Recently I realized how attached I am to the person I used to be. My age even a year ago, my weight, my status. I obviously used to be younger, thinner, and earned more money. Looking at myself in the mirror and seeing the person that I am now is painful, to say the least. It's hard to face my current insecurities and I do my best to avoid it. Can anyone relate?
In a world where everyone is talking about self-love, acceptance, and body positivity speaking about insecurities isn't popular. Especially because by sharing them with the world we give others more reasons to point out things we so desperately try to ignore. But honestly, I think that more often than not we are our worst critics, and if anything sharing our struggles may show those who need it that they are far from being alone.
My negative self-talk is a result of years of criticism and disapproval from others as well as my inability to see my own worth. And that's ok. It's my story and believe it or not I accept it.
I will tell you this. Nobody loves themselves 24/7. It's ok not to like yourself all the time. However, what I want to achieve is just being OK with who I am and the changes that come with time. I want to offer myself compassion and even respect. Just like I would give it to anyone who I deeply care about. I know, I am not perfect, and honestly, I don't think anyone is. But clinging to the past version of myself and resisting change keeps me from exploring the better version of myself I can be.
Having negative self-talk is fine and at the end of the day acknowledging it is important. But it doesn't mean that you have to believe everything you "hear" in your mind and let it control your everyday life. I try to constantly remind myself that a journey to self-love takes time. If you are not there yet doesn't mean you never will be! And that, my friends, keeps me going!
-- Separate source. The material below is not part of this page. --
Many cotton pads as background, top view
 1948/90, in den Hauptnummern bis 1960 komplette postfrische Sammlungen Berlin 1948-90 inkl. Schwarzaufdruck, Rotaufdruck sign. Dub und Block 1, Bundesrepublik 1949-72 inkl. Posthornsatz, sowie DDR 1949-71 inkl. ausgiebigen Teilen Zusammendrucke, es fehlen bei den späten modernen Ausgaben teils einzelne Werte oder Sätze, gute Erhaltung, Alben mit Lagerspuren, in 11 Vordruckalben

"Toxic" Positivity in Dealing with Insecurities
With all of that being said how do I cope with feelings of self-hatred and resentment of change? At the end of the day, these are all no more than just seemingly motivational words. Well, I honestly don't do a lot to cope with them, I just let myself feel whatever it is I am feeling at the moment. That's also the reason why I started to share my journey online. I no longer wish to subscribe to all and all positivity movements and lie to myself and to others about fully loving and accepting myself. I want people to know that it's OK not to be completely happy with who you are right now. However, if it's something that you feel is making you feel depressed and unmotivated to get up in the morning, it's totally fine and even encouraged to seek professional help.
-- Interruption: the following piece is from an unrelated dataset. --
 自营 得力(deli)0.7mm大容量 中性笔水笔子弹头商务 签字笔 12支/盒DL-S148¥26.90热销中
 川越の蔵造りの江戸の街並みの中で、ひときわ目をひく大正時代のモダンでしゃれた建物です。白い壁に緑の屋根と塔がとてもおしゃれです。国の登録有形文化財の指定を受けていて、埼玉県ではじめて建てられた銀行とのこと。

Positivity is not always toxic. If it is helpful to you then by all means go ahead and use positive affirmations, but to me denying my feelings has always made me feel worse. Avoidance makes my anxiety much more intense so it's easier for me to face my uncomfortable and painful feelings at times. Or should I say, healthier? I have come to realize there is a fine line between positivity and hiding my head in the sand.
Change isn't always bad. With things that we don't want to let go of come wisdom and strength that will eventually help us grow and overcome our insecurities and fears. That's my hope for today. What is yours?